*ASSIGNMENT*.
The entries are to be reproduced verbatim, with all pictures omitted.

[[ RECORDS TO PROCESS open ]]

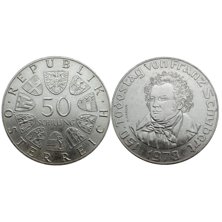 Sul rovescio sono raffigurati 9 stemmi, al centro è riportato il valore nominale: 50 SCHILLING.
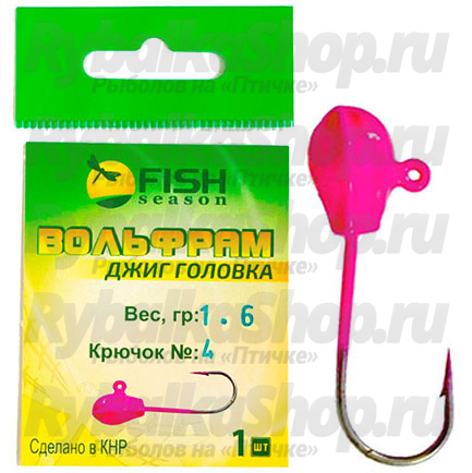 Джиг-головка Fish Season вольфрам SH, вес 1.6 гр, крючок №6, цвет Розовый (уп.1 шт)
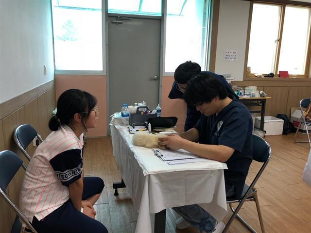 의료봉사는 내과, 재활의학과, 한의과(침 치료 및 약처방), 치과(치석제거, 충치치료, 틀니교정), 약과(영양제, 상비약), 간호과(혈액검사, 주사), 수의과 7개과 해당 전문의가 진료를 하며, 검사로는 X선검사, 혈액검사, 초음파검사, 심전도검사, 치과 스케일링 등을 비롯해, 허약노인을 위해 수액 치료도 병행 실시하고 있다.
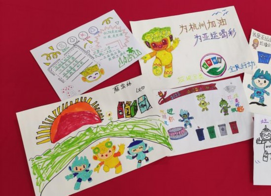 孩子们用手中的画笔将“绿色亚运”与自己日常生活中学到的垃圾分类知识相结合,充分发挥想象力,描绘出一幅幅充满童趣、绿色的绘画作品。
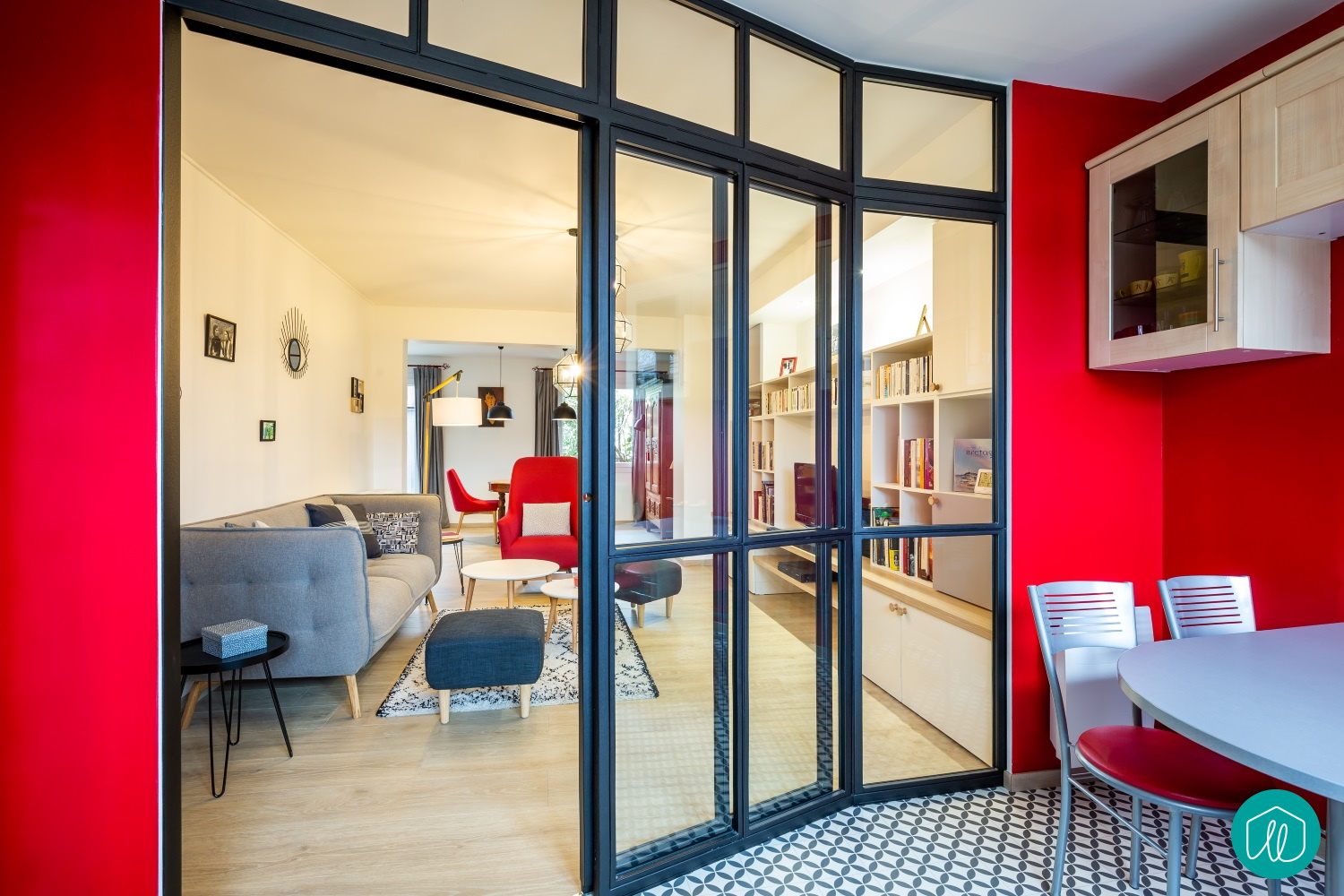 Les clients avaient déjà rénové leur cuisine et adoraient le rouge qu’ils avaient choisi. Nous avons pris le parti d’apporter des touches de rouge dans la nouvelle décoration.
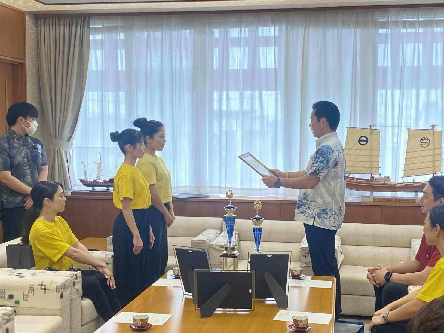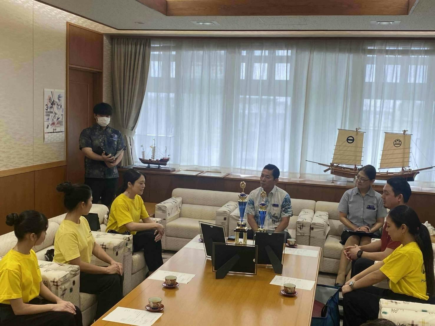 北谷町役場での表敬訪問の様子
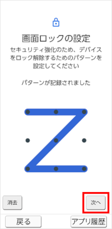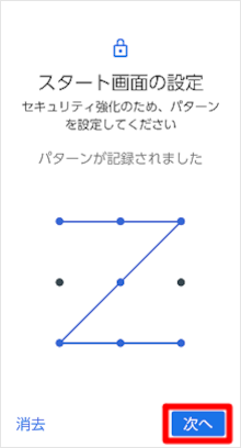 入力が完了すると、「パターンが記録されました」と表示されます。 [次へ]をタップします。
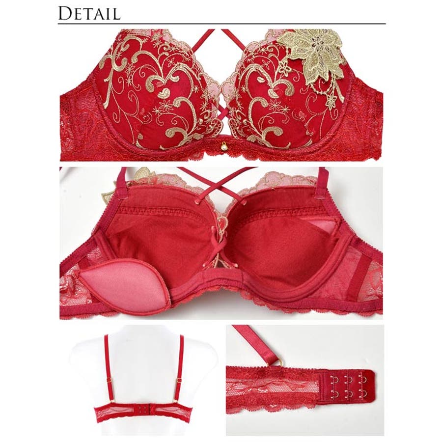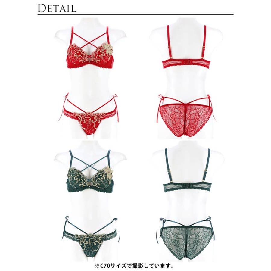 可愛らしい小花や曲線を描く上品な刺繍を施したホリデーシーズンにぴったりのランジェリー。カップ脇のフラワーモチーフや、胸元のセクシーなクロスコードがアクセントに。ショーツは腰元で結ぶサテンリボンをあしらいほどよく甘さをプラスしました。
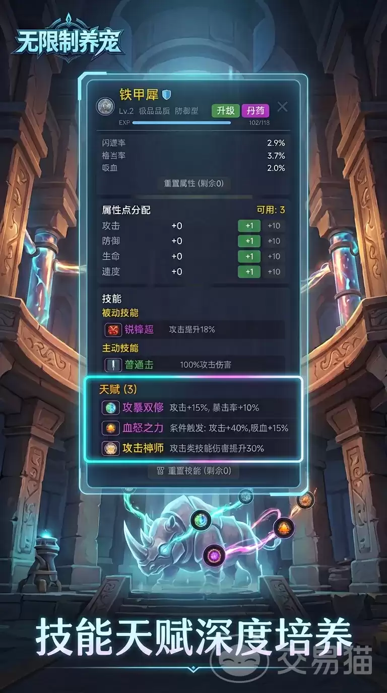 而当战斗打响,策略性布阵的逻辑便凸显出来。常规的思路是,在前排配置高防御型的宠物,用来承担主要伤害,为中后排的输出创造空间。中后排的位置,则安排远程攻击或提供增益、治疗的辅助类单位,从而形成层次分明、攻守兼备的输出梯队。随着你收集的宠物图鉴不断扩充,系统还会解锁对应的成就奖励,形成良性循环。更重要的是,每只宠物都并非定型产品,它们支持天赋重置、属性点自由分配以及技能树的深度定制。这意味着,每一只宠物的战力,都可以被你精准地打磨,以适配不同战斗场景的特定需求。
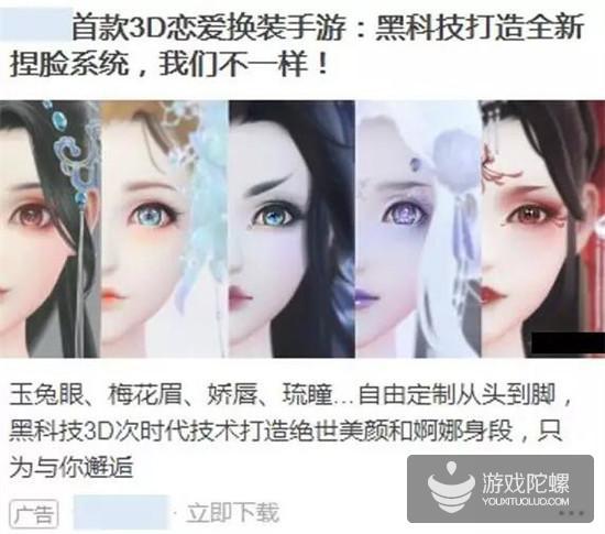 ① 妆容搭配,文案用免费尝试不同妆容来引导用户,素材展示不同的妆容,偏向日常并且大多女性用户都想尝试的妆容,增加用户对游戏的好奇。
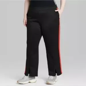 New, solid-color track pants from Wild Fable designed with front center seams with zipped slits at the hem and contrast taping down the sides. Tailored in a high-rise silhouette with regular fit and straight legs. Side pockets and full waistband elastic add functional touches to the pants.

[[ RECORDS TO PROCESS closed ]]

*OUTPUT FOR THIS TASK*.
 Sul rovescio sono raffigurati 9 stemmi, al centro è riportato il valore nominale: 50 SCHILLING.
 Джиг-головка Fish Season вольфрам SH, вес 1.6 гр, крючок №6, цвет Розовый (уп.1 шт)
 의료봉사는 내과, 재활의학과, 한의과(침 치료 및 약처방), 치과(치석제거, 충치치료, 틀니교정), 약과(영양제, 상비약), 간호과(혈액검사, 주사), 수의과 7개과 해당 전문의가 진료를 하며, 검사로는 X선검사, 혈액검사, 초음파검사, 심전도검사, 치과 스케일링 등을 비롯해, 허약노인을 위해 수액 치료도 병행 실시하고 있다.
 孩子们用手中的画笔将“绿色亚运”与自己日常生活中学到的垃圾分类知识相结合,充分发挥想象力,描绘出一幅幅充满童趣、绿色的绘画作品。
 Les clients avaient déjà rénové leur cuisine et adoraient le rouge qu’ils avaient choisi. Nous avons pris le parti d’apporter des touches de rouge dans la nouvelle décoration.
 北谷町役場での表敬訪問の様子
 入力が完了すると、「パターンが記録されました」と表示されます。 [次へ]をタップします。
 可愛らしい小花や曲線を描く上品な刺繍を施したホリデーシーズンにぴったりのランジェリー。カップ脇のフラワーモチーフや、胸元のセクシーなクロスコードがアクセントに。ショーツは腰元で結ぶサテンリボンをあしらいほどよく甘さをプラスしました。
 而当战斗打响,策略性布阵的逻辑便凸显出来。常规的思路是,在前排配置高防御型的宠物,用来承担主要伤害,为中后排的输出创造空间。中后排的位置,则安排远程攻击或提供增益、治疗的辅助类单位,从而形成层次分明、攻守兼备的输出梯队。随着你收集的宠物图鉴不断扩充,系统还会解锁对应的成就奖励,形成良性循环。更重要的是,每只宠物都并非定型产品,它们支持天赋重置、属性点自由分配以及技能树的深度定制。这意味着,每一只宠物的战力,都可以被你精准地打磨,以适配不同战斗场景的特定需求。
 ① 妆容搭配,文案用免费尝试不同妆容来引导用户,素材展示不同的妆容,偏向日常并且大多女性用户都想尝试的妆容,增加用户对游戏的好奇。
 New, solid-color track pants from Wild Fable designed with front center seams with zipped slits at the hem and contrast taping down the sides. Tailored in a high-rise silhouette with regular fit and straight legs. Side pockets and full waistband elastic add functional touches to the pants.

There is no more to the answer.